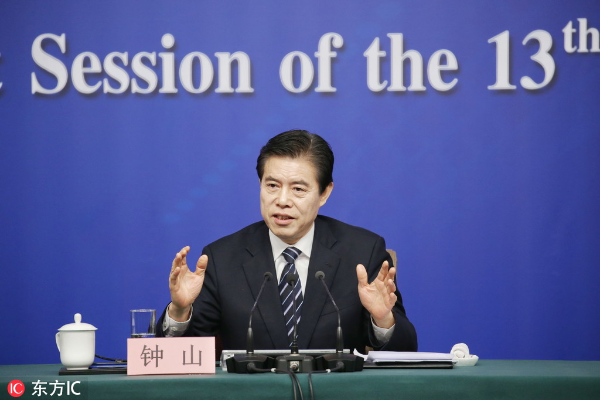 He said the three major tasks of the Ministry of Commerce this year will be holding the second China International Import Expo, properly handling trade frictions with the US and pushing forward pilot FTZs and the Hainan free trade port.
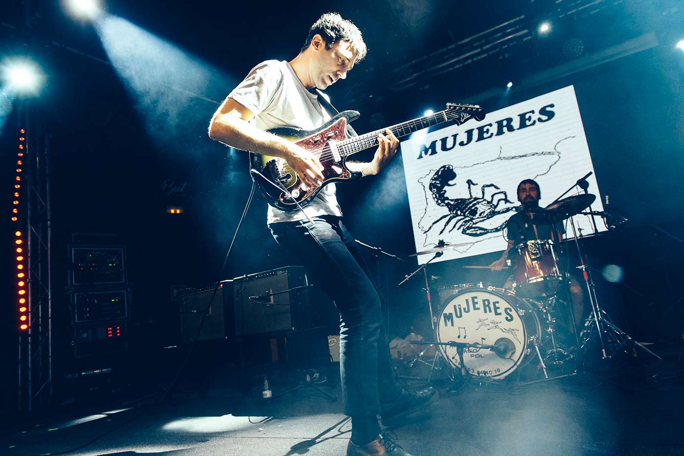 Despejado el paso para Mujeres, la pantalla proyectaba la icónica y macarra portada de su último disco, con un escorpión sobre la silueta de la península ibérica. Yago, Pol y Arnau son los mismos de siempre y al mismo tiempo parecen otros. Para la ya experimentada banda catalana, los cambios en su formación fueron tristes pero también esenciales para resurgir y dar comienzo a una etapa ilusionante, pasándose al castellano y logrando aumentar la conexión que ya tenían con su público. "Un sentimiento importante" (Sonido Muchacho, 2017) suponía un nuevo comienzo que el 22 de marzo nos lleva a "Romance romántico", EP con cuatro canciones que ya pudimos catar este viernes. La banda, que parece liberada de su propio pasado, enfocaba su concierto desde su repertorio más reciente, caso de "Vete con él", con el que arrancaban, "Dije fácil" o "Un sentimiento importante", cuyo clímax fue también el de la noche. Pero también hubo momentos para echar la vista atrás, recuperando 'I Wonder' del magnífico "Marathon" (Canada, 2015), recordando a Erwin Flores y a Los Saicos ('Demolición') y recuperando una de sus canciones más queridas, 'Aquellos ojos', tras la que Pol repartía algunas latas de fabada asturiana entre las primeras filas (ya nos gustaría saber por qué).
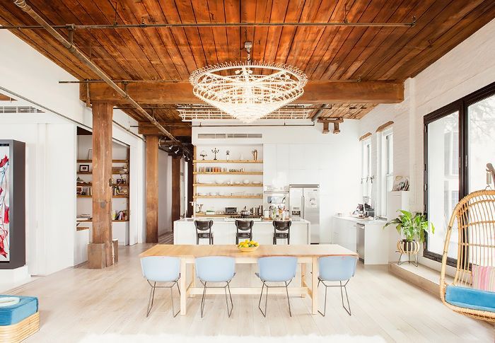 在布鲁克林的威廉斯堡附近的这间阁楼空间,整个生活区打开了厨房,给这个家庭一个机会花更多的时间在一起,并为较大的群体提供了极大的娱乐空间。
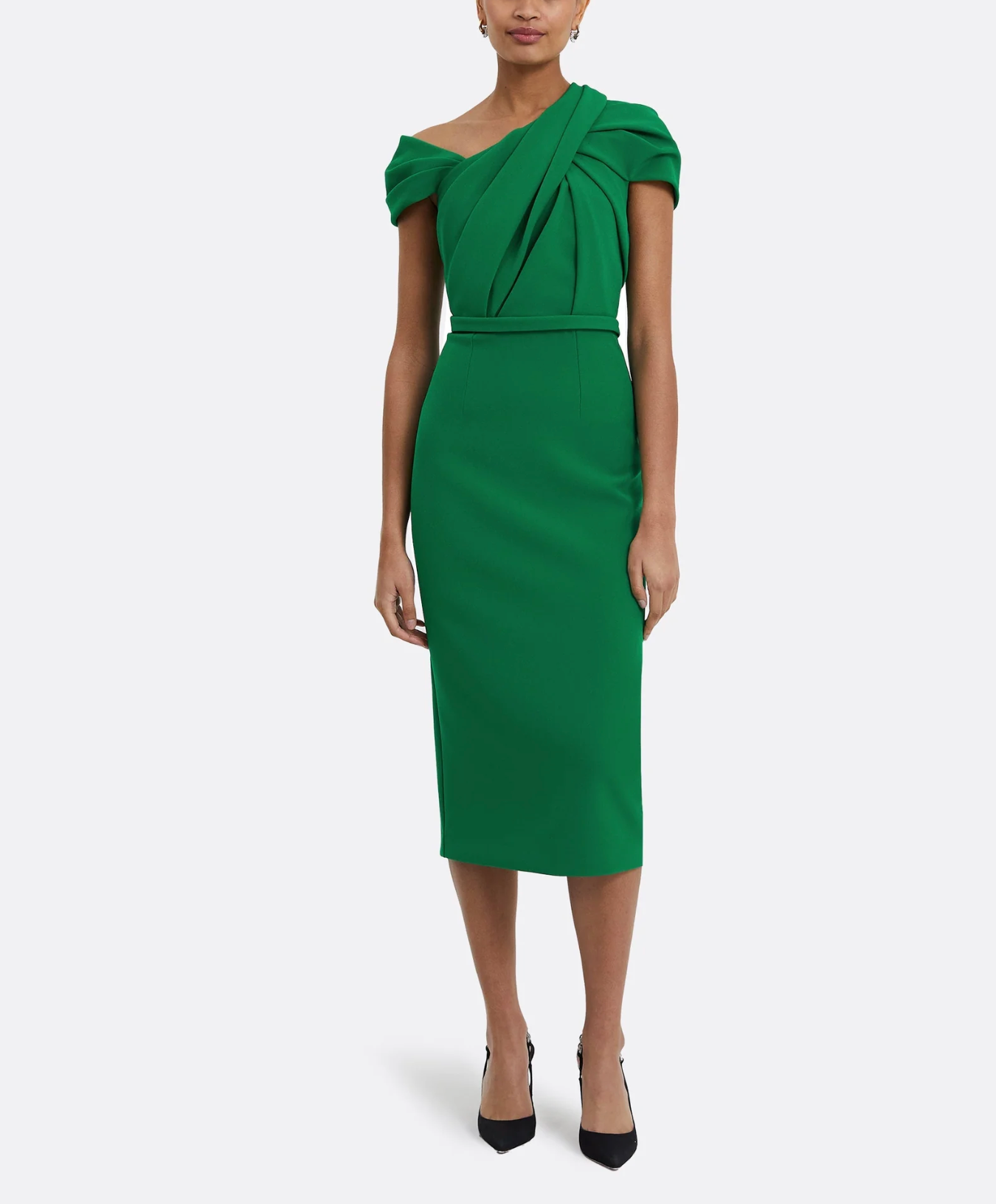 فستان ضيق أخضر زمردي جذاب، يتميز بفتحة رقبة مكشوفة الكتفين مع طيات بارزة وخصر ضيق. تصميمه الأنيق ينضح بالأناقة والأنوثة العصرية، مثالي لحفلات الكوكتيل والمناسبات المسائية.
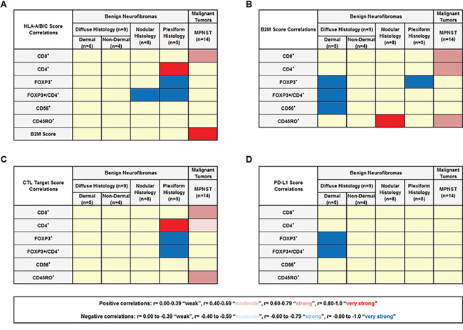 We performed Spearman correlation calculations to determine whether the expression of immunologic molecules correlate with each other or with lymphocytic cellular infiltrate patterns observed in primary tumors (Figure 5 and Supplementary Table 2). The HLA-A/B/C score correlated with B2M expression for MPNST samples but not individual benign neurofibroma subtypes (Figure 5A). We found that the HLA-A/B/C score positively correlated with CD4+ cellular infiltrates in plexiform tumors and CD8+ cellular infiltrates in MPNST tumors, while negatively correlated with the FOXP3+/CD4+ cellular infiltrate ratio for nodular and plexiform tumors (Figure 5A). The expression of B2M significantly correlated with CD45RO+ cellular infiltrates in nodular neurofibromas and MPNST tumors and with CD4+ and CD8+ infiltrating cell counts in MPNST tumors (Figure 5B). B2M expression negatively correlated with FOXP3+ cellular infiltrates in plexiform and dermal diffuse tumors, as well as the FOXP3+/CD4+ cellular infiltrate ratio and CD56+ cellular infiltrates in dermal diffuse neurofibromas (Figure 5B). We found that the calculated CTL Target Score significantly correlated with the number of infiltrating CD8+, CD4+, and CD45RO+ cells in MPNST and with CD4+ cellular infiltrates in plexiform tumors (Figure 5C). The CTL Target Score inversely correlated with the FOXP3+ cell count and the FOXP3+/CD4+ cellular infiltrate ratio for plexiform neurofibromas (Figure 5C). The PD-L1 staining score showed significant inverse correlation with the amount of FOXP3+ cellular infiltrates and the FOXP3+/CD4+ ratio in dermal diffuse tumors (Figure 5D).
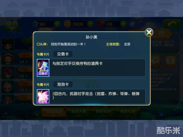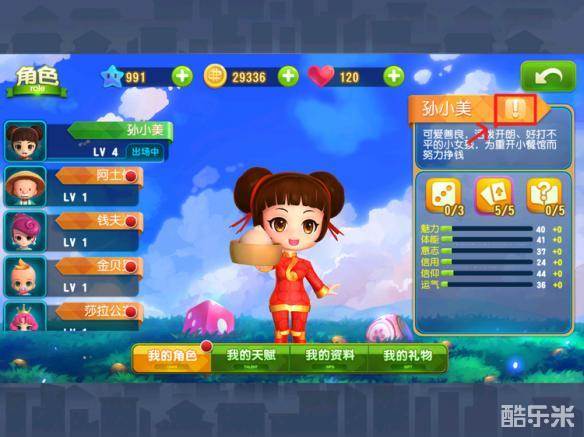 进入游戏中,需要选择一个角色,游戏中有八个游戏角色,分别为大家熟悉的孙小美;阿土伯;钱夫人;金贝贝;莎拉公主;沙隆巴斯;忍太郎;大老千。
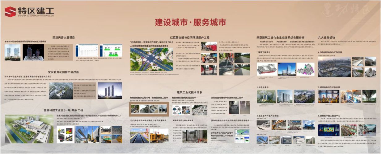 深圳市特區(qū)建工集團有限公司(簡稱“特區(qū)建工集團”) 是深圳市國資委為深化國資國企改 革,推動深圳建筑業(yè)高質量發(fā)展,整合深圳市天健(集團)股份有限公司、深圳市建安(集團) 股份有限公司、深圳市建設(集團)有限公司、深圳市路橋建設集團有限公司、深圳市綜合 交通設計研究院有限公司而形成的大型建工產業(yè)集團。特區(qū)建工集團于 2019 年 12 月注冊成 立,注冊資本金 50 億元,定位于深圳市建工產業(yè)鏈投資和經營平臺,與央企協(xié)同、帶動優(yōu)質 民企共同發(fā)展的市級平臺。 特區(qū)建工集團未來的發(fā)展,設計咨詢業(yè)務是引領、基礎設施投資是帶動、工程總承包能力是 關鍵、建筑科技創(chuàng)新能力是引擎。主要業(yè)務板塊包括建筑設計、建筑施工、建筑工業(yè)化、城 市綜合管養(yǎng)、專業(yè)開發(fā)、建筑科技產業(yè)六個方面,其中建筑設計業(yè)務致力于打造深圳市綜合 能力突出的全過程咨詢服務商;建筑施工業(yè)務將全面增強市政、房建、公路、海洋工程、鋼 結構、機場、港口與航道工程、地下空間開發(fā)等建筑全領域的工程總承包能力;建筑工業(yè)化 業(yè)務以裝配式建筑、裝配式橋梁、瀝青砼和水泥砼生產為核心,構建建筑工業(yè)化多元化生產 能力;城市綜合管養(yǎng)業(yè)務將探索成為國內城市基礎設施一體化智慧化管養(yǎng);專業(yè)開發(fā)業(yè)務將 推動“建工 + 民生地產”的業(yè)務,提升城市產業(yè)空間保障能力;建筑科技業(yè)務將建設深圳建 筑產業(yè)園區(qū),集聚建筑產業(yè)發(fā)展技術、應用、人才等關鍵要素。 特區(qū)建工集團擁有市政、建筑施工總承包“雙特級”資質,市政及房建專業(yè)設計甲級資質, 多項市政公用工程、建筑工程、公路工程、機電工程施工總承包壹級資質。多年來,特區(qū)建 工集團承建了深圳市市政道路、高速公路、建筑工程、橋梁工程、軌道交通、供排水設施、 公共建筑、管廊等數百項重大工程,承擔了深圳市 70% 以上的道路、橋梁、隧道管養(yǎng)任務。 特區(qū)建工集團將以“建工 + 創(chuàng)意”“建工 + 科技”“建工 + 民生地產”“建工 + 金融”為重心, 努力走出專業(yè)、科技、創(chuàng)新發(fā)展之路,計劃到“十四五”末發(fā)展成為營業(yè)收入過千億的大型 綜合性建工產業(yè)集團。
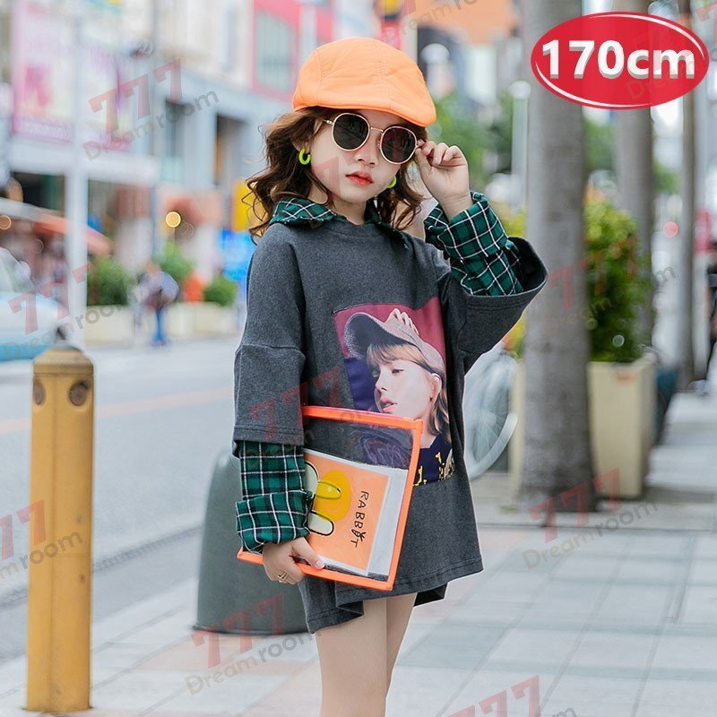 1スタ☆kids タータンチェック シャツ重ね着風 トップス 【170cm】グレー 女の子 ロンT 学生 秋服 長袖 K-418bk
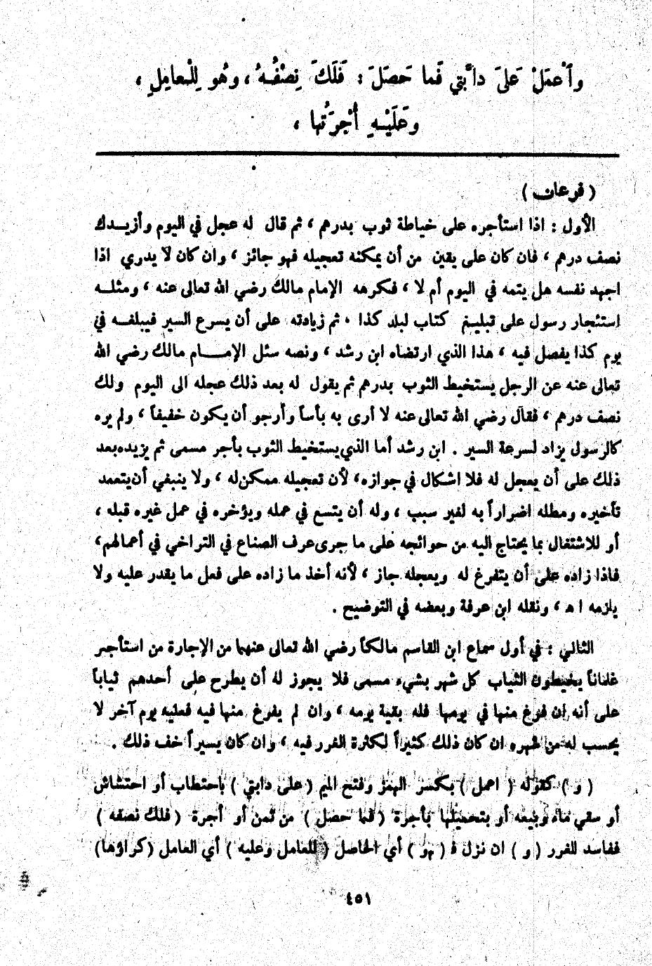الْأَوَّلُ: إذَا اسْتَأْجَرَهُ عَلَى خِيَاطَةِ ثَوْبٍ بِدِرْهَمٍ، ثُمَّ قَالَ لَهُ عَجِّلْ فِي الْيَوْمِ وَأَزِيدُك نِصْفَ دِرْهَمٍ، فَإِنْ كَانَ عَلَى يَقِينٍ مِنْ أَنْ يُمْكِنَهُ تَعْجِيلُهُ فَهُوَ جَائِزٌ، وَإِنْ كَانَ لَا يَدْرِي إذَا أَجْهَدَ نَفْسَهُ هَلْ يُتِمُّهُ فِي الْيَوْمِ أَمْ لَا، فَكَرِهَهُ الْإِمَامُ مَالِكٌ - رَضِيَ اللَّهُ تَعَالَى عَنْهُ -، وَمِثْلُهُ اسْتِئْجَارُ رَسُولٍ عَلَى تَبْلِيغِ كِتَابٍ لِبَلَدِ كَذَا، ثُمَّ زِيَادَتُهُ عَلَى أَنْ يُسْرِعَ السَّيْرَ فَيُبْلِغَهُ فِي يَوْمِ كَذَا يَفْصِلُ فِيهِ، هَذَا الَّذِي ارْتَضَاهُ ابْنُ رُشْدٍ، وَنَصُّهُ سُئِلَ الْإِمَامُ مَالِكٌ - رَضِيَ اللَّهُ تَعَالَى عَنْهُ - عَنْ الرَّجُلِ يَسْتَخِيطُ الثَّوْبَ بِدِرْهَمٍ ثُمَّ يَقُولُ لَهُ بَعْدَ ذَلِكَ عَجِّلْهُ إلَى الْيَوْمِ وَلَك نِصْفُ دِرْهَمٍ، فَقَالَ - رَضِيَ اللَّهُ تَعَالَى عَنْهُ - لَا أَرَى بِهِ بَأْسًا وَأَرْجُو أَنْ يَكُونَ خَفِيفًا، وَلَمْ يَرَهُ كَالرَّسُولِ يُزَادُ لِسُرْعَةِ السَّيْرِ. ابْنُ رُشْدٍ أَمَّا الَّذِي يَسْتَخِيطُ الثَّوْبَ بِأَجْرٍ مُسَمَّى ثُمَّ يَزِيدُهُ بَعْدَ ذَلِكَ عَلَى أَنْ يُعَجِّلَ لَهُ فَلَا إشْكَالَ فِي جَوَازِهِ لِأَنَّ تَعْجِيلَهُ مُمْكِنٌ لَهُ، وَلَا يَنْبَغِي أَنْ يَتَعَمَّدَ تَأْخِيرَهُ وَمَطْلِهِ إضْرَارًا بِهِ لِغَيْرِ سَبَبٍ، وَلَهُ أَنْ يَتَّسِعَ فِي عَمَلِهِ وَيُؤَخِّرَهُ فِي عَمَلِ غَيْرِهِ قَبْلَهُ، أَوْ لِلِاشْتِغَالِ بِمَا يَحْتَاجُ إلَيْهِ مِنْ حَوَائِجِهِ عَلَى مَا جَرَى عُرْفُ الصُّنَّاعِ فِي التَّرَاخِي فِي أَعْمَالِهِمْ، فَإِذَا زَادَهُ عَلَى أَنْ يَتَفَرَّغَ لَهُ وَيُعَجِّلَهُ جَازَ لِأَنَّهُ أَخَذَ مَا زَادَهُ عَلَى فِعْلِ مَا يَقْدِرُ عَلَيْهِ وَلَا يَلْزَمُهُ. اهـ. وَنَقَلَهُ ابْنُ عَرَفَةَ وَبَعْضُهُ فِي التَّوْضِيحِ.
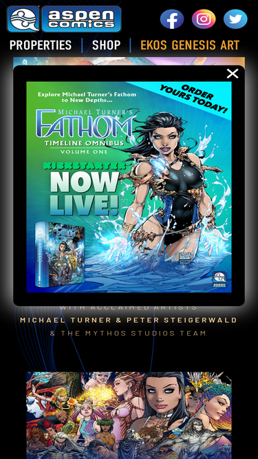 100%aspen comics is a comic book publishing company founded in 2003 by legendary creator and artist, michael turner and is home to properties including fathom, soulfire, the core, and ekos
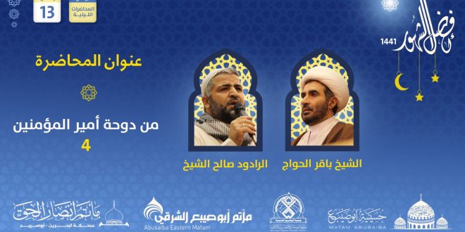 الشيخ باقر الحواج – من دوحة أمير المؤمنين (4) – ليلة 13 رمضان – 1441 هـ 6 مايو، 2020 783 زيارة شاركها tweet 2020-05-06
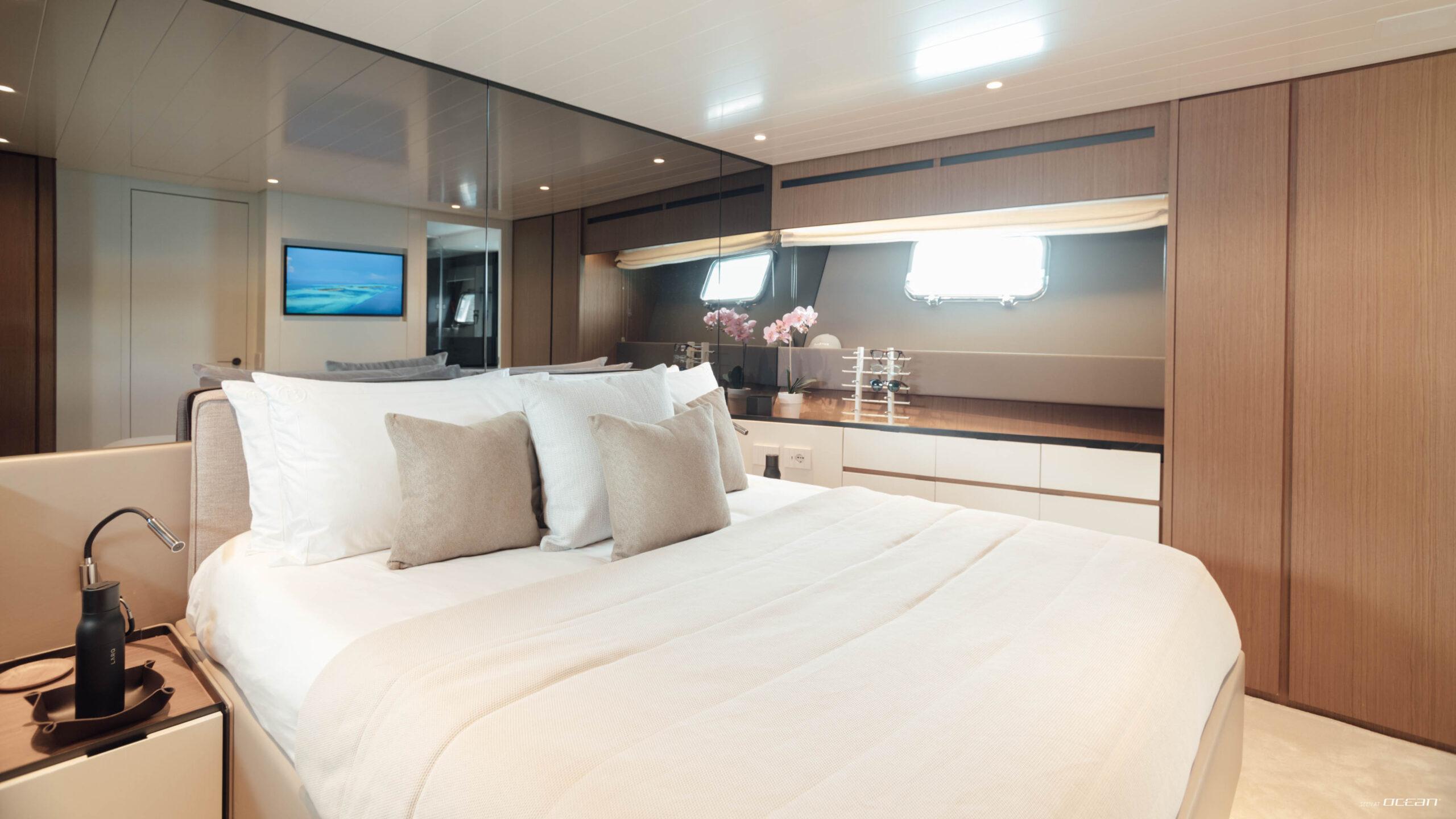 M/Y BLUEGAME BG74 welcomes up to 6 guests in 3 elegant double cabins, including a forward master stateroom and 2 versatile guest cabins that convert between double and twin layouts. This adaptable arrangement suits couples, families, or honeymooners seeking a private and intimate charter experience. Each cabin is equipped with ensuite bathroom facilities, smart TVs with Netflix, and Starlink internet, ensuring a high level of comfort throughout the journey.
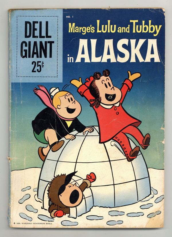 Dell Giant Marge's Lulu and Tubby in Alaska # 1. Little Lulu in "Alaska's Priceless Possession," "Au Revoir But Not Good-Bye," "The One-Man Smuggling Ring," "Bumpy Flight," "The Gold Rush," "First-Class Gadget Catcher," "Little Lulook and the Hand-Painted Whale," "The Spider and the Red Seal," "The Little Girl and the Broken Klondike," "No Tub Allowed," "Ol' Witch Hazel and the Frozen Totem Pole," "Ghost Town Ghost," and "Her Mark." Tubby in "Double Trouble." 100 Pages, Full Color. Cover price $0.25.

WHAT TO PRODUCE: Nothing but the lines above from the one that has "100%aspen comics is" down to the one that has "الشيخ باقر الحواج" belongs in the answer, copied exactly, without pictures.

EXERCISE RESULT:
 100%aspen comics is a comic book publishing company founded in 2003 by legendary creator and artist, michael turner and is home to properties including fathom, soulfire, the core, and ekos
 الشيخ باقر الحواج – من دوحة أمير المؤمنين (4) – ليلة 13 رمضان – 1441 هـ 6 مايو، 2020 783 زيارة شاركها tweet 2020-05-06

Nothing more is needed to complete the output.